Buyrun:http://gazeteport.com/2016/akp-ensar-icin-gogsunu-siper-eder-31990/
Varsa bir (gbkz:ohaa)nızı daha alırım.
Buyrun:http://gazeteport.com/2016/akp-ensar-icin-gogsunu-siper-eder-31990/
Varsa bir (gbkz:ohaa)nızı daha alırım.
Bu gün bu duruşmayı bizzatihi takip eden bir avukat arkadaşımın ağzından detaylı olarak dinledim. Dinlerken tüylerim ürperdi. Dinlediğim kişiyi az tarif etmem gerekirse bilime dayalı, vicdanlı, adaleti çoğunlukla savunmuş, bu olayın yaşandığı yere görüş olarak çok uzak olmayan (yakın da değil) biri.
Sorularım;
1-Abi bir değil iki değil 45 kişi diyorlar? Bu nedir? Hadi bir iki olsa bi şekilde anlam verilebilir çocuklar korktu diye ama 45 adam bildiğin şirketleşmiş?
2- Bu adamın duyduğu bu arzu istek bizim kadınlara (cinsiyetim erkek) duyduğumuz gibi bir durum mu? bu bir hastalık mı? Erkeğin erkeğe kadının kadına duymasından farklı bir durum mu? Eşcinseller bu duruma ne diyor?
3- Vakfın etkilenmesi, vakfın denetim mekanizmasının durumu bu kadar vahim mi?
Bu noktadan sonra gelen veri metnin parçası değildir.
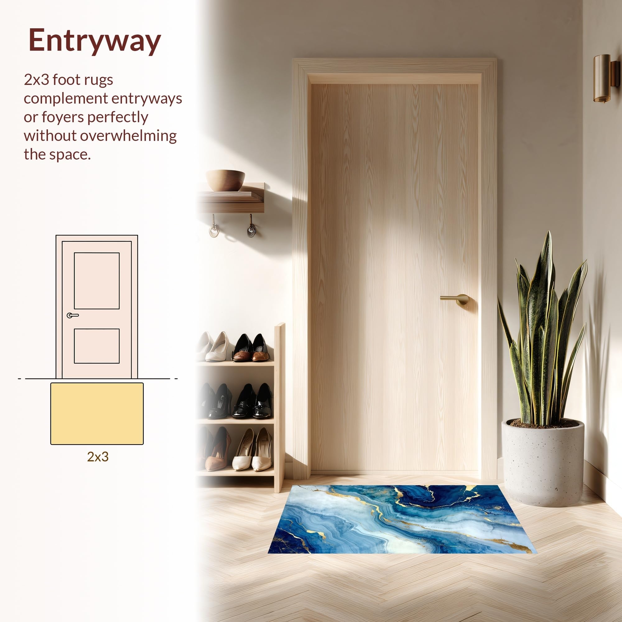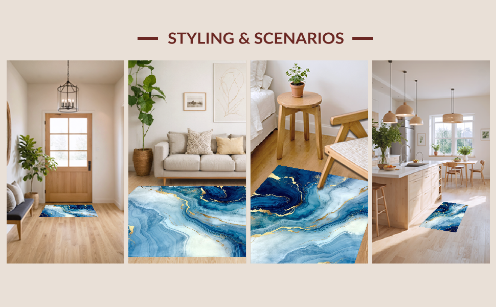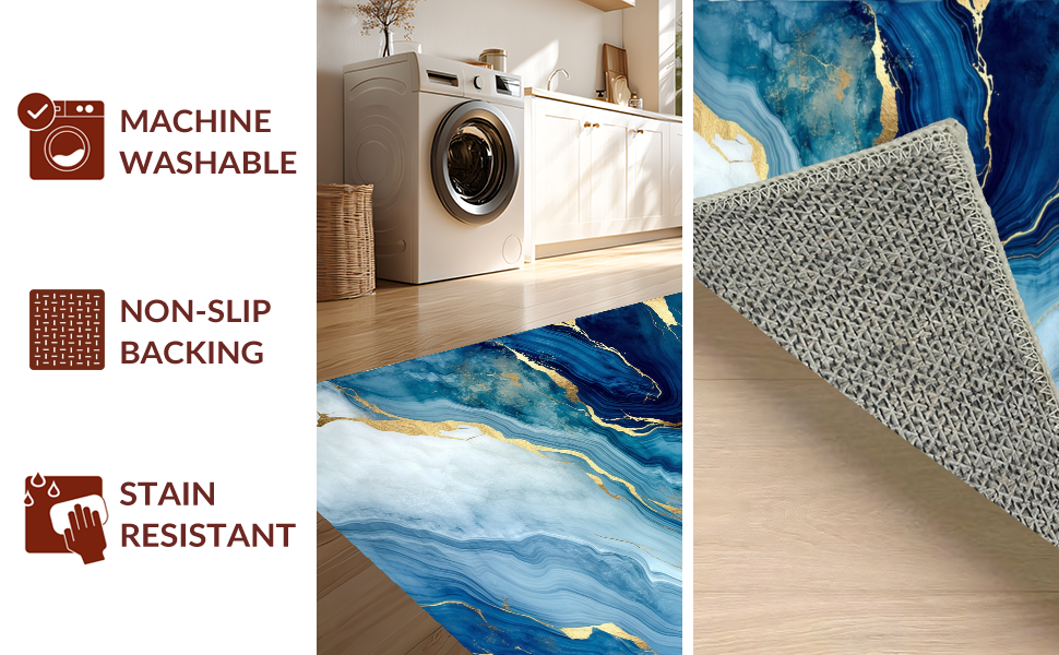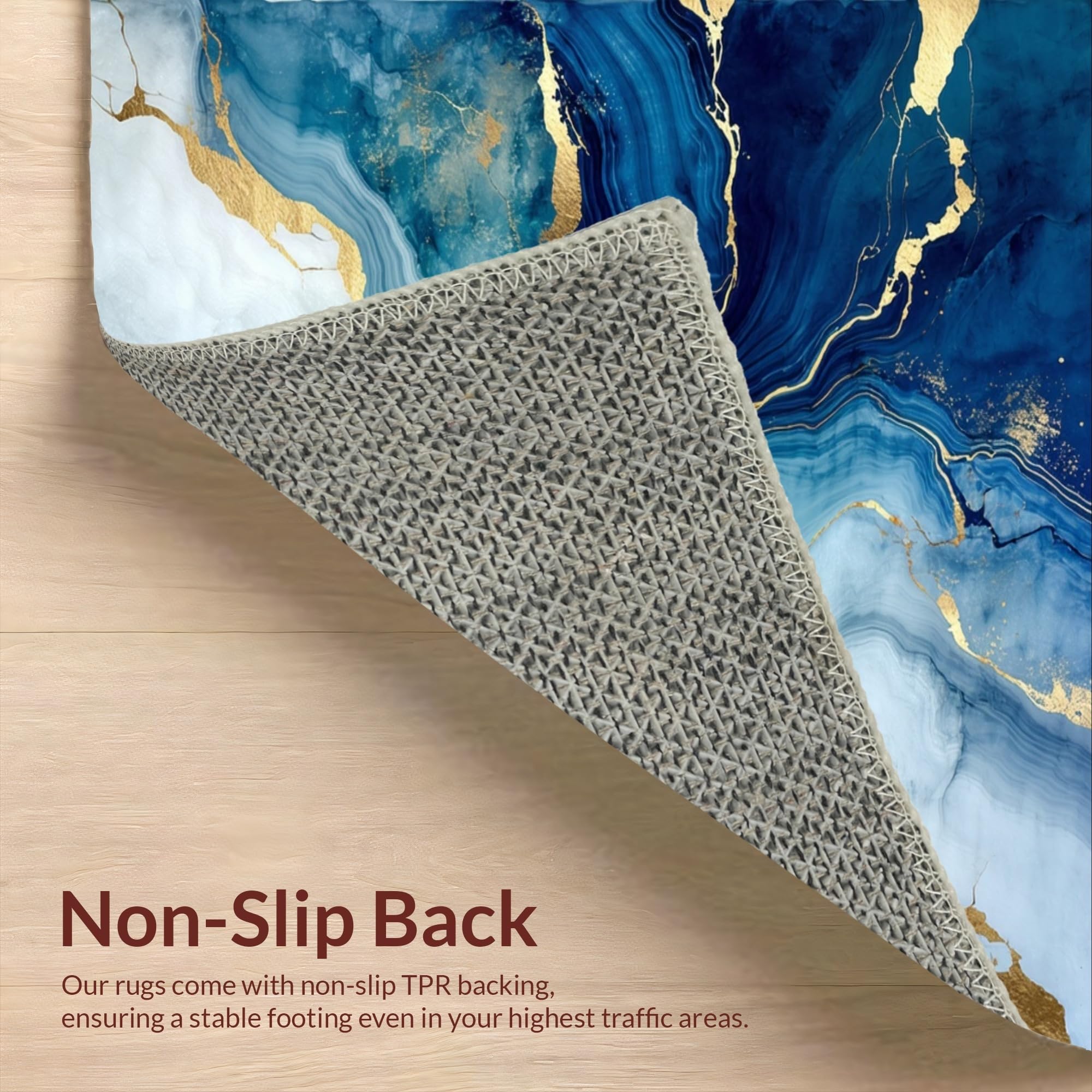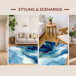 Ultra Soft Area Rug, Non Slip, Stain Resistant, Washable Area Rugs for Living Room, Bedroom, Trendy Blue and White Harmony(Blue) Overview:

4- Vakıfa yakın olan insanlar ve iktidara yakın olan insanlar neden alttan almıyorlar ve vakfa saldırıymış gibi direk tepki veriyorlar?
5-Bu adam gibi kaç kişi var? Bunun tesbiti ceza alan adam yargılanırken bilir kişi raporunda var mı? Mümkün mü?
6- Çocuklar bunu neden ailelerine söylememiş? ve buna benzer bir sürü soru.
7- ilk duruşmadan alınan karar ve hapis cezası nedir?
Cevaplar (İstediğim sorudan başlamayacağım)
1- Olayın aslı şu. Bu adama tam bir pislik tam bir mahlukat. İşlediği çok büyük bir suç. Öncelikle 45 kişi değil 10-15 kişi civarında. (sanırım bu sayı direk tecavüz sayısı). Ensar vakfının kendi yurdunun içerisinde gelişmemiş olaylarının çoğu. Hatta belki hiç yoktur yurdun içerisinde direk gelişen. Adam yurda hoca olarak başlıyor. Oradan gözüne bir kaç çocuk kestiriyor kişilik olarak zayıf ve kullanabileceği cinsten. Bi kaç ay sonra başka bir yurda tayin aldırıyor kendini gittiği başka yurda o çocukları da aldırıyor. Bu duruma aileler çocuklar hocasını seviyor ondan geçti gözüyle bakıyor. Sonra kendine bir ev tutuyor karaman da. Çocuklar oraya derse gidiyor ilk başlarda önceki yurttan getirdiklerini orada infal ediyor. Sonra yine başka bir yurda tayin aldırıyor gelmeden önceki yurttan yine aynı şekilde yapıyor ve olayın basit bir biçimde ortaya çıkmasını engelliyor.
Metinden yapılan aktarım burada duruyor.